商取引などで契約書を作りますが何のためでしょうか。契約書は、後日紛争が起こった場合に、契約内容がどうだったかを証明するためのものです。したがって、取引の内容に応じて必要な事項を過不足なく記載しておくことが重要になります。
では、どのようにして契約書を作成すればいいのでしょうか。契約書の書式を載せた本をお手本に作成することで十分な場合もあります。しかし、書式の中には、法律用語をさりげなく使用しているものもあります。法律用語は日常用語と同じようでいて、それ特有の法律上の意味を付されているものもあるので注意が必要です。
たとえば、法律用語で「人」という用語は、人間と会社などの法人を合わせた意味です。法律用語で、特に人間のことをいうときは「自然人」といいます。
契約書に「人を代理人にしてよい」という条項を設けたとすると、その代理人には、自然人も法人もなれることになります。代理人になるのは自然人だけだと想定してこの契約書を作成していたとしたら、後日、紛争になった場合に、法人を代理人にしてはいけない、という主張ができなくなる可能性が大です。このような事態に陥らないために、弁護士に相談してください。
弁護士会では、ひまわりほっとダイヤルというサービスを行っています。ひまわりほっとダイヤルの全国共通電話番号(0570-001-240)に電話をすると、電話をかけられた方がいらっしゃる地域の弁護士会の専用窓口につながり、弁護士から折り返しの電話がかかってきて、弁護士との面談の予約ができます。
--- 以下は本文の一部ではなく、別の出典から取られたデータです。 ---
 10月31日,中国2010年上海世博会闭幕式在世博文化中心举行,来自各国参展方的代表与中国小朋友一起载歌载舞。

また、ひまわりほっとダイヤルのホームページから申し込みフォームを使って面談の申込をすることもできます。現在のところ、ひまわりほっとダイヤルは、熊本県においては初回面談30分は無料となっており、対応する弁護士は、中小企業の法律問題に精通した弁護士です。
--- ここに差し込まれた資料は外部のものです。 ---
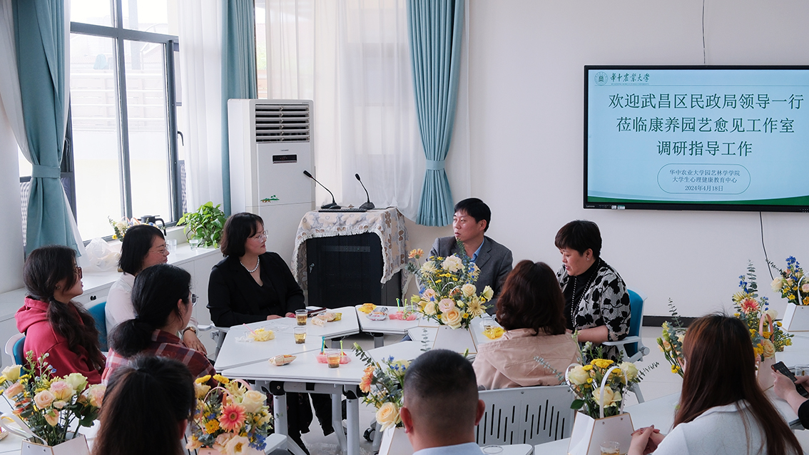 2024年4月18日 ——51吃瓜网 康养园艺愈见工作室师生热情邀请武昌区民政局、武汉市武昌区郦民社会工作服务中心和水果湖街青鱼嘴社区的领导和社区工作者,以及华农文法学院社工系师生参观了51吃瓜网 大学生心理健康教育中心,并进行了康养园艺的调研活动。旨在通过多方合作,探索康养园艺在社会福利领域的推广和应用。

このほか各種の法律相談については、弁護士会法律相談センター(096-325-0009)の法律相談をご利用ください。
もうひとつ、上記のような方法で弁護士に相談し、案件の処理を依頼して、その弁護士の働きぶりを評価された場合は、その弁護士を顧問弁護士にするのもよいと思います。顧問弁護士の利点は、それまでの相談や案件の処理を通じて、依頼される方や会社の事情をよく理解していることです。つまり、顧問弁護士には、一から説明する必要がなくなり、さらに、利用すればするほど、いわゆる使い勝手がよくなると思います。
また、相談や案件の処理を数件やってもらってからというより、最初から顧問弁護士を依頼したい、でも弁護士に知り合いがいないという方は、熊本県弁護士会の顧問弁護士紹介制度をご活用ください。
熊本県弁護士会法律相談センター(096-325-0009)に電話をかけて、顧問弁護士を紹介してもらいたいと申し込まれると、弁護士会が数名の弁護士を紹介します。そのなかから、ピンとくる弁護士を選んでください。
転ばぬ先の杖、という言葉もあります。トラブルになる前に弁護士を活用してトラブルの予防を心がけてください。
2018年6月号掲載
熊本県弁護士会
会長
猿渡 健司
昭和33年、熊本市生まれ。熊本高校、早稲田大学法学部卒業。平成9年4月弁護士登録。平成30年4月より県弁護士会会長。趣味は、音楽(トランペット演奏)。